Task inputs
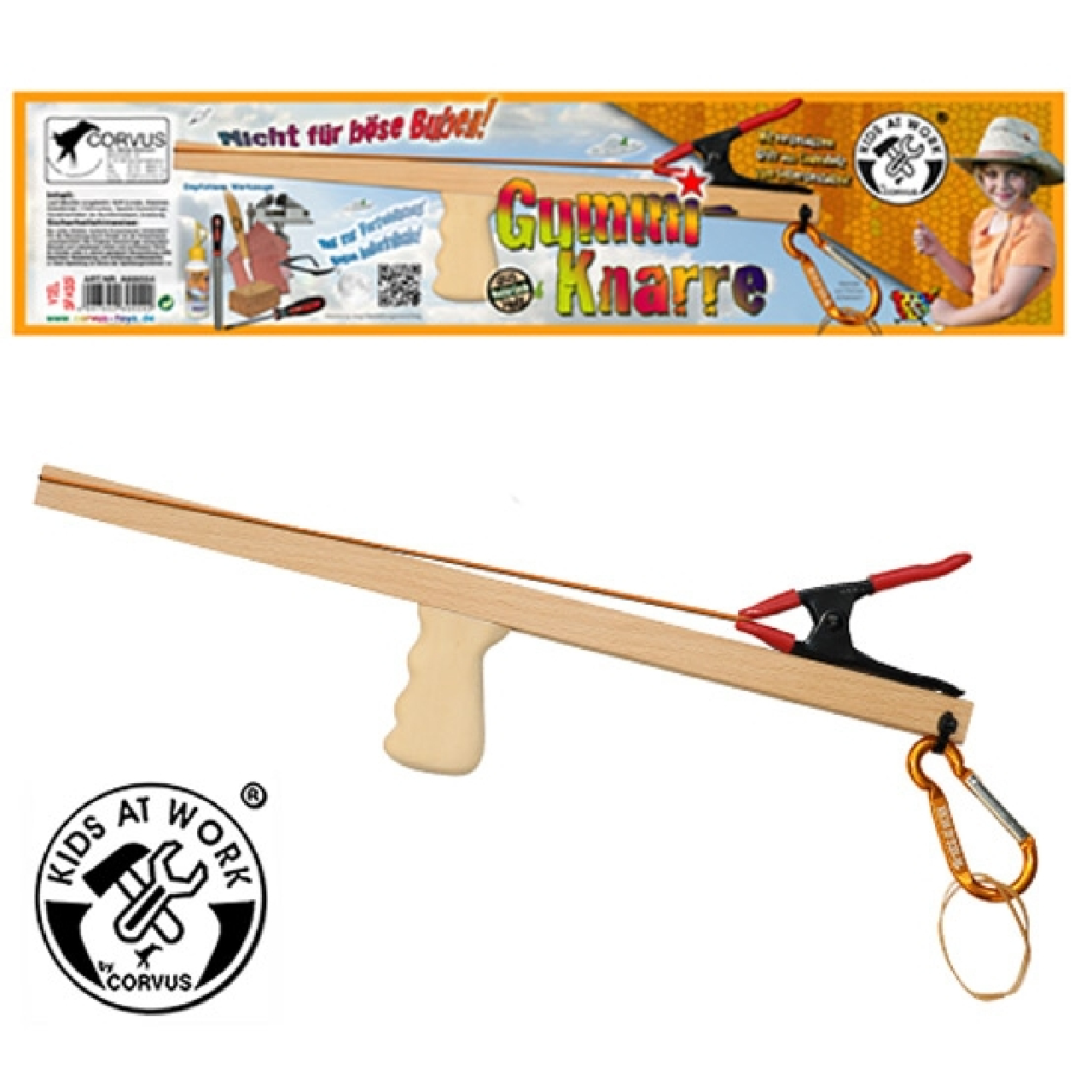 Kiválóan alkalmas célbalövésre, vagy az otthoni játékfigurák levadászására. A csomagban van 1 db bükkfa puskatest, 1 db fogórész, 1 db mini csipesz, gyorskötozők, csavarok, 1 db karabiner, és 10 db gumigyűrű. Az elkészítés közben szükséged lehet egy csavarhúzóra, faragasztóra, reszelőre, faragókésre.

--

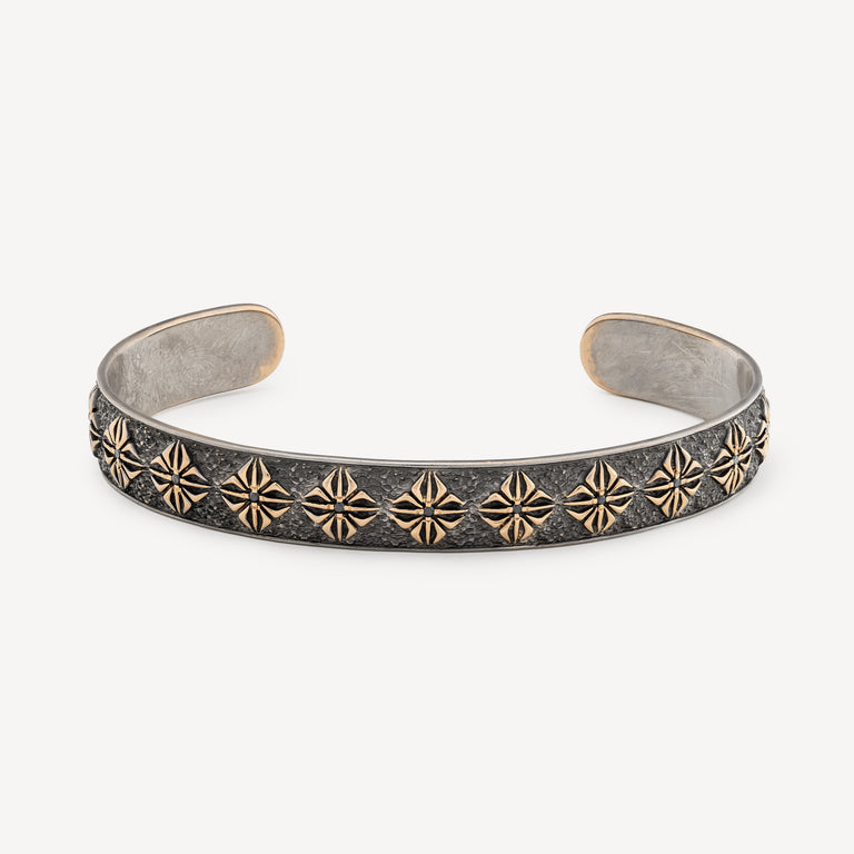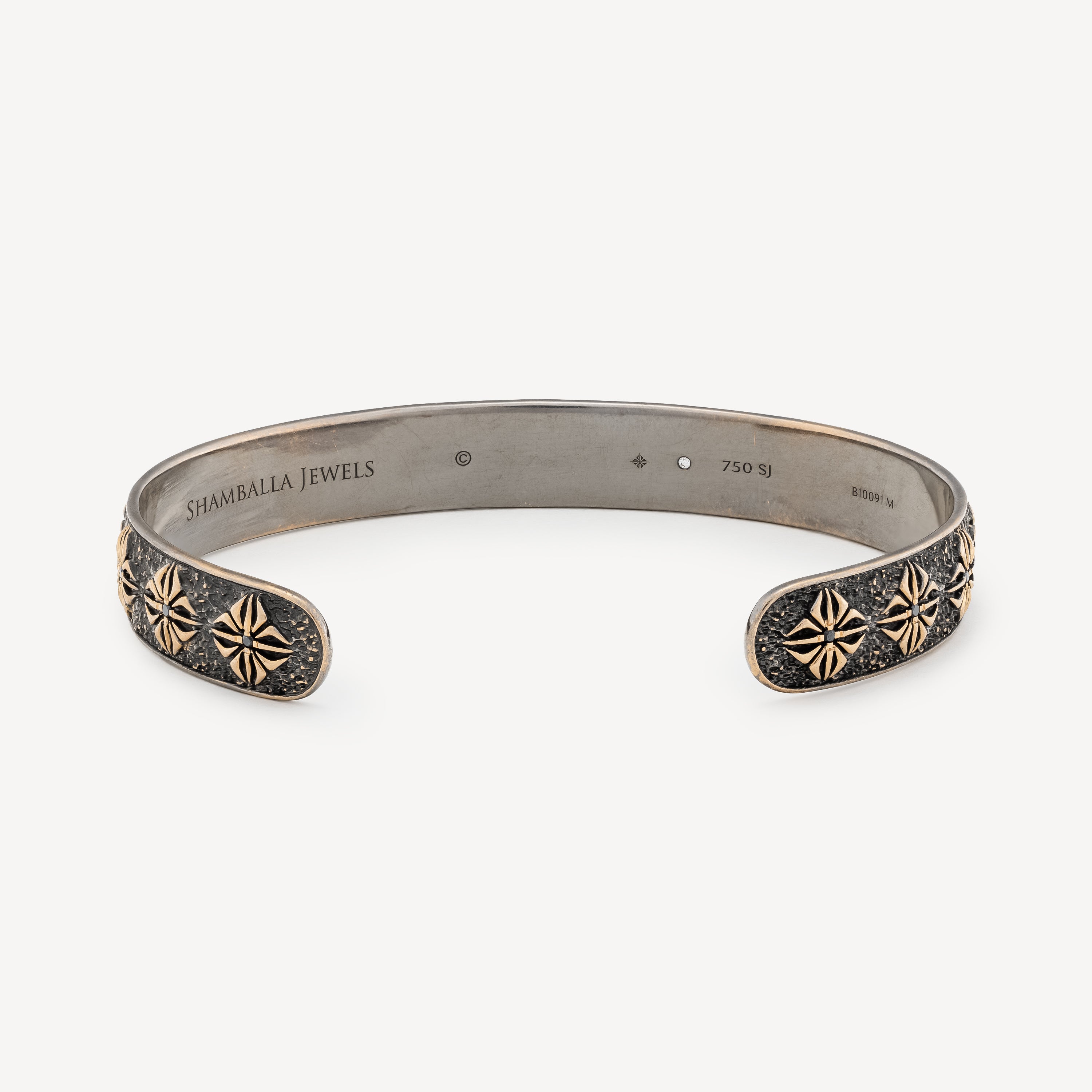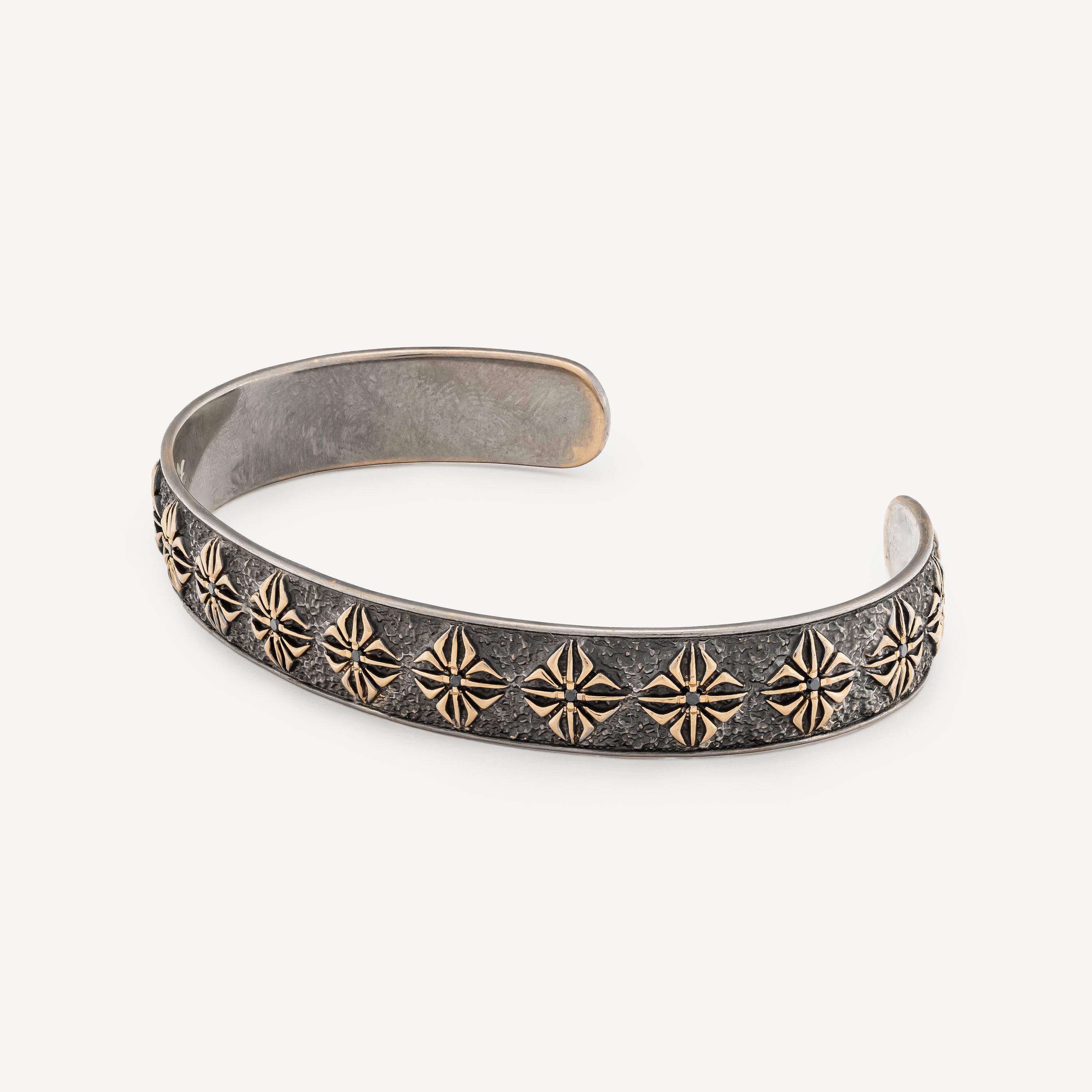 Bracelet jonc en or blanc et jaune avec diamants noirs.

---

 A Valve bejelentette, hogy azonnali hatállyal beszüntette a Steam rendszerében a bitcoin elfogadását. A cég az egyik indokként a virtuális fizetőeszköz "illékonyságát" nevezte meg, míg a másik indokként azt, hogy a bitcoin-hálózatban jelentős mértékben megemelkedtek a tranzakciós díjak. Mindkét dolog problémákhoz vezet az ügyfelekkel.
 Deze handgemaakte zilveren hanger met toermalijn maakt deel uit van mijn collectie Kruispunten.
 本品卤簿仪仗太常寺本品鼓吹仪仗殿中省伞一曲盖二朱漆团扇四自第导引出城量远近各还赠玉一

Required work
From the records above, retype only the lines starting at the line that contains "A Valve bejelentette, hogy" and ending at the line that contains "本品卤簿仪仗太常寺本品鼓吹仪", both included.

Problem solution
 A Valve bejelentette, hogy azonnali hatállyal beszüntette a Steam rendszerében a bitcoin elfogadását. A cég az egyik indokként a virtuális fizetőeszköz "illékonyságát" nevezte meg, míg a másik indokként azt, hogy a bitcoin-hálózatban jelentős mértékben megemelkedtek a tranzakciós díjak. Mindkét dolog problémákhoz vezet az ügyfelekkel.
 Deze handgemaakte zilveren hanger met toermalijn maakt deel uit van mijn collectie Kruispunten.
 本品卤簿仪仗太常寺本品鼓吹仪仗殿中省伞一曲盖二朱漆团扇四自第导引出城量远近各还赠玉一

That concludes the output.